Asynchronous Display Flipping for Linux Using display (or plane or page) flipping is a nice optimization for screen updates as it avoids copying the application render buffer to the separate scanout buffer. However, in the current DRM interface, the flip operation is not performed immediately. Rather, the flip operation must be presented to the kernel before the vertical blank interval preceding the desired display time. If the flip operation is even slightly delayed, the new scanout image will not be visible until the following frame. With many applications pushing the performance of the graphics hardware right to the edge, it s not at all uncommon for an occasional frame to just miss and cause an ugly jerk on the screen. The GLX_EXT_swap_control_tear extension provides a way for applications to request that when the swap request is delivered too late, instead of delaying for the next frame, the contents should be presented as soon as possible, even if that might cause some tearing artifacts on the screen. This gives the application developer the choice between the two visual artifacts (tearing vs judder). A Linux interface for Async Flipping This part was pretty easy to implement. First, a new capability value, DRM_CAP_ASYNC_PAGE_FLIP was added so that applications could discover whether the driver offered this feature or not. Second, a new flag value, DRM_MODE_PAGE_FLIP_ASYNC was added to the DRM_IOCTL_MODE_PAGE_FLIP ioctl. To get the new flag down into the driver required adding the flag parameter to the page_flip crtc function. Async Display Flipping support in Intel Hardware Recent Intel display hardware has support for asynchronous flipping, either through the ring using the MI_DISPLAY_FLIP instruction or directly through the registers. There are some limitations however:

The pitch of the current and new frame buffers must match
Both current and new frame buffers must use X tiling

I ve also only implemented flipping on Sandybridge and Ivybridge hardware as that s what I ve got for testing. Using Async Display Flipping with Present I m using async display flipping when the kernel supports it in the current Present implementation. This offers the ability to short-circuit multiple presentations targeting the same scanout frame. I haven t exposed the ability to select this to applications over the Present protocol yet, but that s not a big change. Implementing the GLX_EXT_swap_control_tear extension I haven t even looked at implementing this extension; I m hoping that once I ve gotten the functionality exposed over the X protocol that someone will at least help me figure out how to hook this up. Getting the Bits The interesting pieces here are the new kernel bits; the DRM library changes simply add new defines to existing APIs.

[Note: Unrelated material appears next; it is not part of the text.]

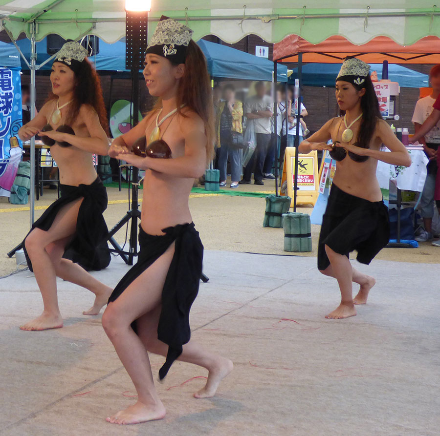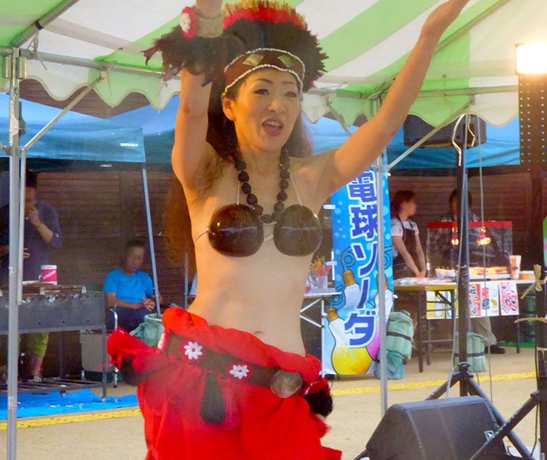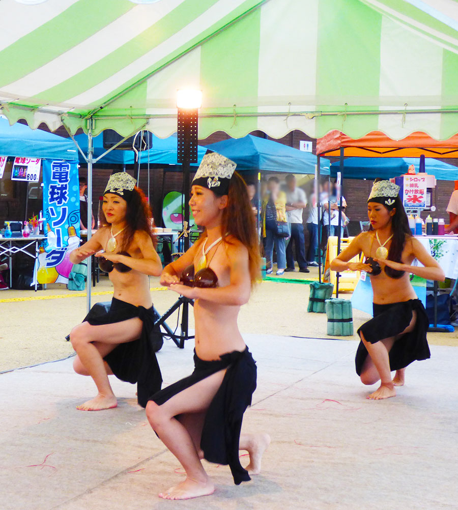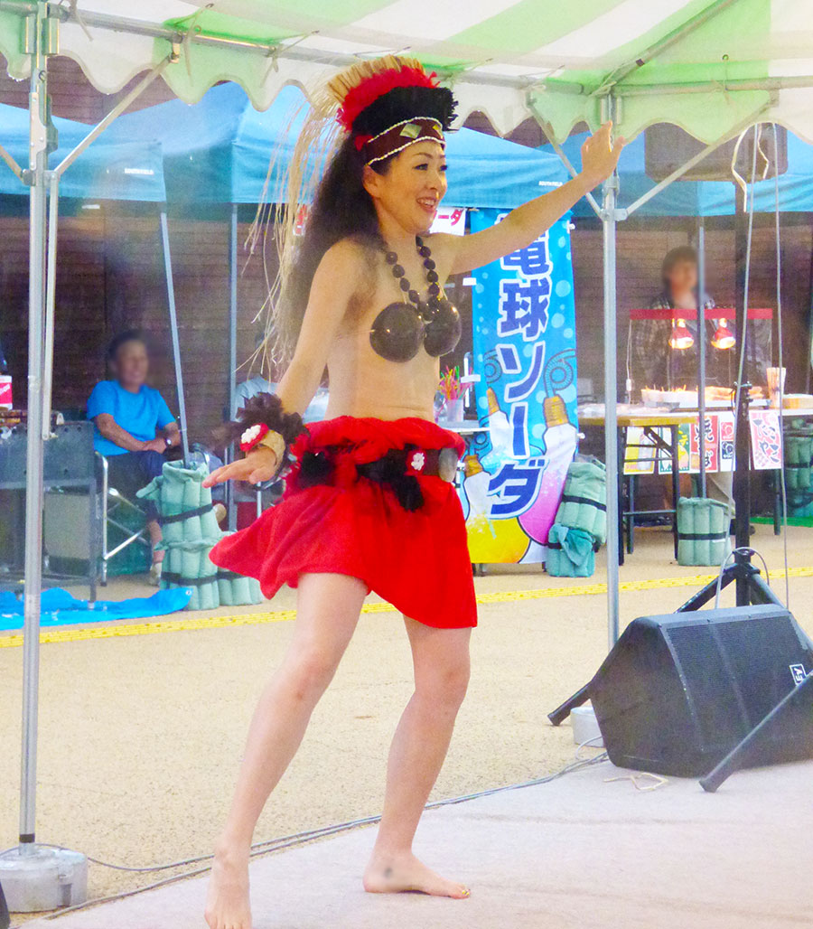 最終日である8月15日のゲストは『Herehina Tahiti』の皆さんよるタヒチダンスが行われ、大粒の雨にも負けない掛け声と軽快な音楽に合わせて、情熱的なダンスをご披露いただきました。

Kernel bits are in my kernel.org repository git://git.kernel.org/pub/scm/linux/kernel/git/keithp/linux-2.6 dri3
DRM library bits are in my freedesktop.org drm repository git://people.freedesktop.org/home/keithp/drm.git dri3

12 July 2013

Keith Packard: Present

The Present Extension I ve finally gotten an initial implementation of the Present extension written and running and thought I should write up the current design and status. Present Design The current Present extension consists of two requests:

PresentRegion. Puts new bits from a pixmap in a window.
PresentSelectInput. Asks for Present events to be delivered.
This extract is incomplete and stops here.